Let's come to potential energy. This is understood to be the energy that you have to apply to lift an object a certain height. Example: I lift the television 1 meter up to place it on the table. How much work do I have to put into this? The answer is the formula for potential energy.

Calculate potential energy:

• W.POT = m * g * h
• "WPOT"is the potential energy in Newton meters [Nm]
• "m" is the mass of the body being lifted in kilograms [kg]
• "g" is the acceleration due to gravity, g = 9.81m / s2 [m / s2 ]
• "h" is the height by which the object is lifted in meters [m]

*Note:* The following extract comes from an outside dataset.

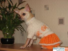 Вязаная одежда для декоративных пород собак:чихуахуа.той-терьер,йоркширский терьер,такса в ниличии и на заказ. Курточки,комбинезоны,свитера,платья,безрукавки,пончо.Большой выбор одежды.Исполнение заказа от 2-4 дней.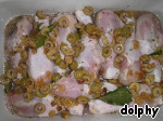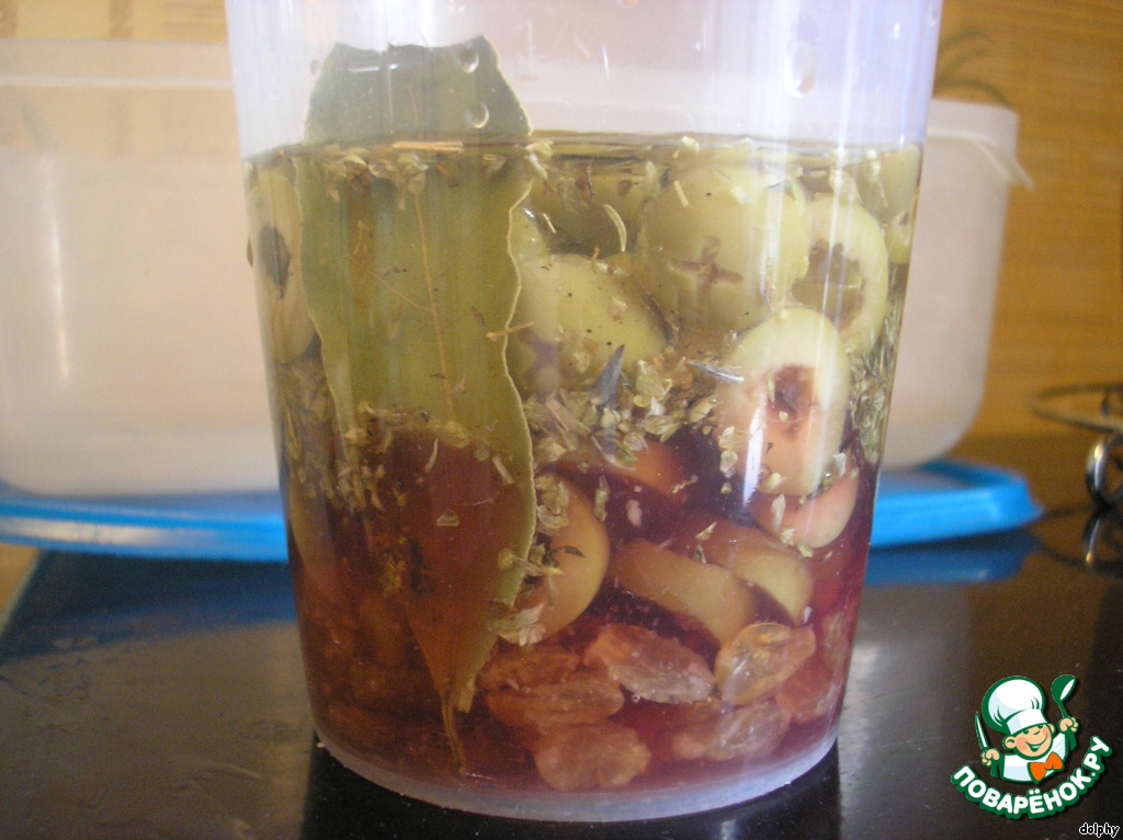Начнем с того, что замаринуем курочку. Для маринада смешаем оливковое масло, уксус, орегано, соль, чесночный порошок, перец, лавровый лист, изюм и оливки.

If you put mass, acceleration due to gravity and altitude into the formula, you get the potential energy. If you drop the object, it gets faster and faster (because the acceleration of gravity accelerates the object). With the kinetic energy you can now calculate the speed that the object has when it hits the ground. Example: You lift a television set by 1 meter and - accidentally of course - drop it down. You have been able to calculate the potential energy with the formula from above. You use this energy in the formula for the kinetic energy and convert this formula according to the velocity v in order to calculate the impact velocity.

Calculate kinetic energy:

• W.KIN = 0.5 m v2
• W.KIN is the kinetic energy in Newton meters [Nm]
• "m" is the mass of the object in kilograms [kg]
• "v" is the speed in meters per second [m / s]

Example:
A 3 kg block falls from an airplane that flies 10 km above the ground. At what speed does the block hit the ground if you neglect the air resistance?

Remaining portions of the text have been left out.